Negedu on New Mexico: 'My life is getting back to me'

Heart concerns derailed UT career

Tennessee's Emmanuel Negedu motions to the crowd as he joins teammates on the bench before the game against Lincoln Memorial at Thompson-Boling Arena on Wednesday, Nov. 4, 2009. UT won the exhibition game 97-58.

Tennessee's Emmanuel Negedu motions to the crowd as he joins teammates on the bench before the game against Lincoln Memorial at Thompson-Boling Arena on Wednesday, Nov. 4, 2009. UT won the exhibition game 97-58.

Former Tennessee men's basketball player Emmanuel Negedu said he signed with New Mexico on Monday.

"I signed this morning,'' Negedu said on the News Sentinel Sports Page radio show. "When everything happened, and they said I couldn't play basketball anymore, I felt like I was dead.

"Now, I feel like my life is getting back to me.''

Negedu, who suffered a cardiac event in the indoor football facility on UT's campus Sept. 28, 2009, wanted to stay and play at Tennessee.

Vols athletic director Mike Hamilton denied the request.

UT men's basketball coach Bruce Pearl said he wishes Negedu well, but he supports the university's position.

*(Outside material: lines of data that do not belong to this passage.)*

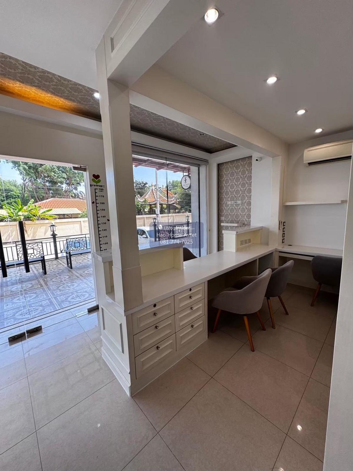 Property details: 1. The master bedroom has a walk-in closet and a large bathroom with a private bathtub on the entire floor 2. Small bedroom and living room, 2 bedrooms + 1 bathroom, 1 kitchen and dining room + western kitchen 3. Separate 2 maids rooms + 1 bathroom 4. Washing room with 2 washing machines and 1 dryer 5. 7 procedure rooms with beds and capsule boxes, 1 steaming room 6. Examination room, doctors room 7. Decorate the counter and customer seating zone 8. 18 air conditioners, 2 large refrigerators, Smart TV9. 4 water heaters 10. Private parking in the building and 2 cars in the back 11. Customer parking is a wide area on 2 sides of the road in front of the building 12. 1 storage room under the stairs and another large storage room under the attic on the top floor Further inquiries:Line ID: @816qbyrp Tel. Contact number (Manita) WeChat ID: Haohomeasset Email : Contact email ***Accepting consignment for sale-rent. All types of real estate..no advance fees***
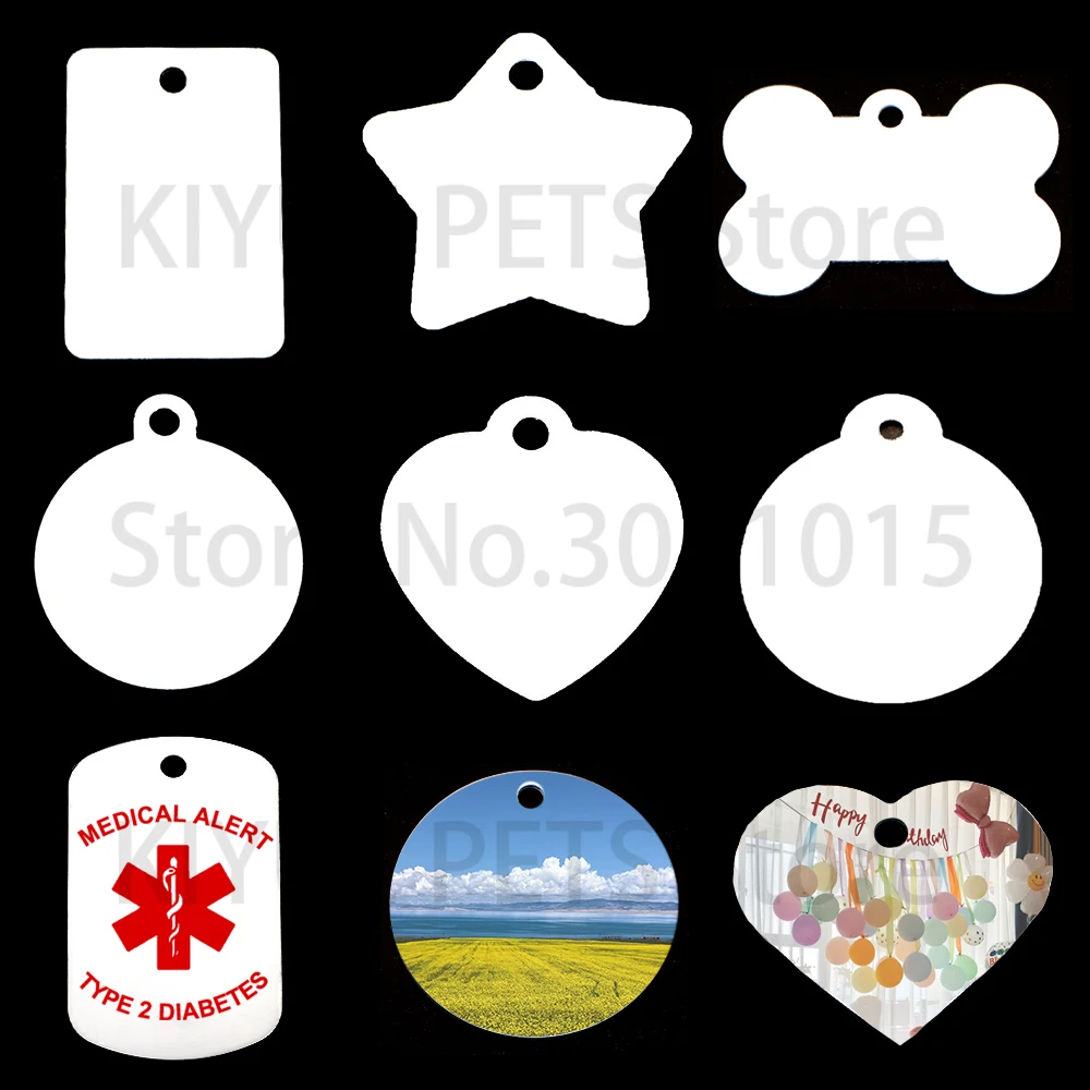 100 Uds., etiqueta personalizada de sublimación para perros, identificación de aluminio para mascotas, accesorios para gatos, etiqueta de dirección para perros, impresión por transferencia de calor, placa de identificación en blanco
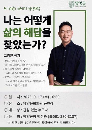 담양군 관계자는 “삶의 방향에 대해 함께 고민해 볼 수 있는 자리를 마련했다”며 “이번 강연이 군민들에게 따뜻한 울림을 전하길 기대한다”고 말했다.
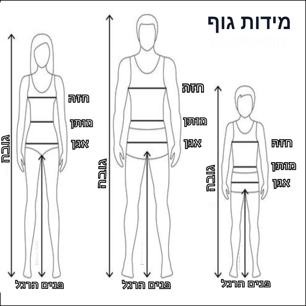* המידות בסנטימטרים ומתייחסות למדידת גוף.
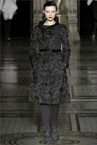 Mulberry punta al bon ton ma con un’incursione nel mondo rock – chic. Ogni mise è super accessoriata e caratterizzata dall’uso di tessuti pesanti. E’ un tripudio di pellicce, di capi anni ’50 ma molto contemporanei grazie a dettagli in contrasto. Must have sono le zip e le texture trapuntante o profilate in pelle. Le stampe richiamano quadri impressionisti. Per la sera via libera al pizzo mixato con la pelle per un look aggressiv e total black. I colori sono quelli dell’autunno e della terra; nero per la sera e rosso fuoco per gli accessori.
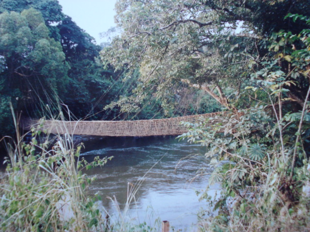 PUENTE DE LIANAS ECHO POR LOS PIGMEOS QUE CRUZA UNAS CATARATAS. FASCINANTE EL CRUZARLO.
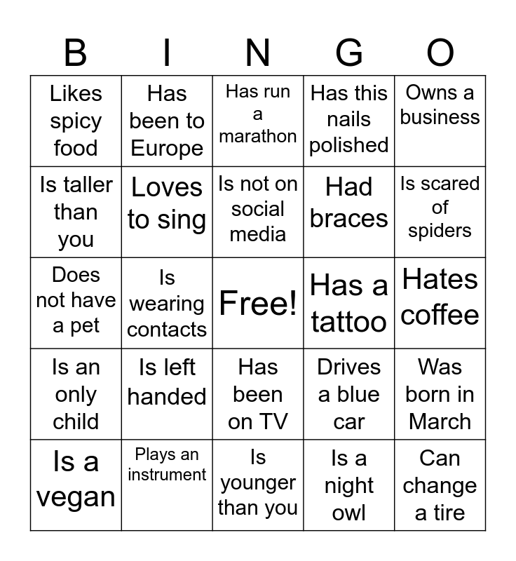 This bingo card has a free space and 24 words: Is left handed, Plays an instrument, Is not on social media, Is a vegan, Owns a business, Likes spicy food, Is taller than you, Has been to Europe, Has a tattoo, Has been on TV, Had braces, Does not have a pet, Drives a blue car, Was born in March, Loves to sing, Is a night owl, Hates coffee, Has run a marathon, Is scared of spiders, Is wearing contacts, Can change a tire, Is an only child, Has this nails polished and Is younger than you.
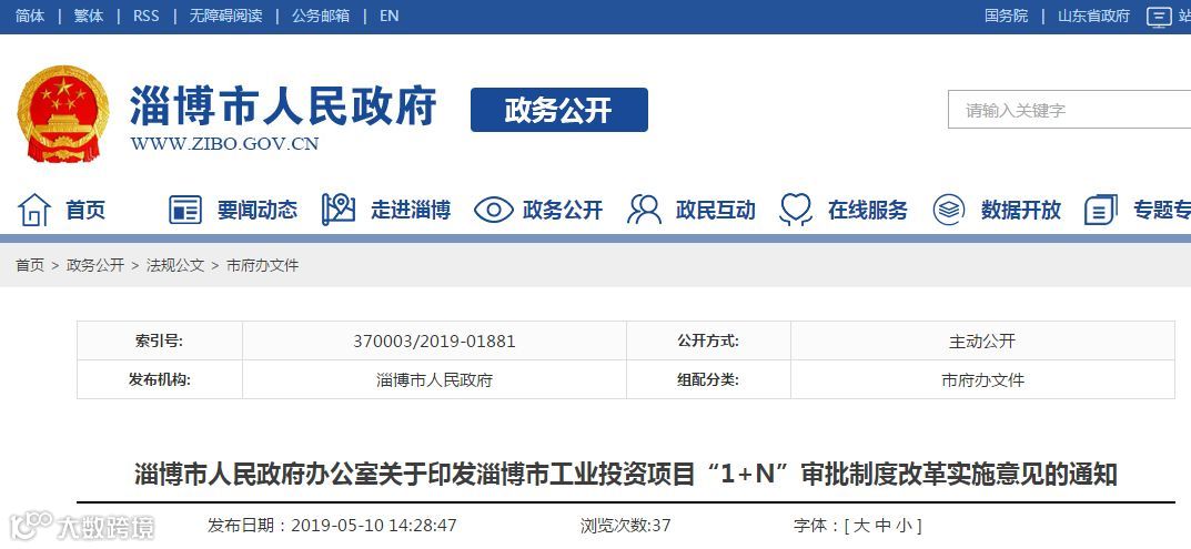 淄博市人民政府办公室关于印发淄博市工业投资项目“1+N”审批制度改革实施意见的通知

"We would prefer he stay here and finish his degree, because we're concerned for his health,'' Pearl said. "We wish him well, but I stand by Tennessee's position as far as not clearing him to play.

"I also understand why Emmanuel wants to continue to play basketball. As I said, we all wish him well.''

Negedu has three years of eligibility remaining and is expected to request an NCAA waiver that would allow him to play immediately.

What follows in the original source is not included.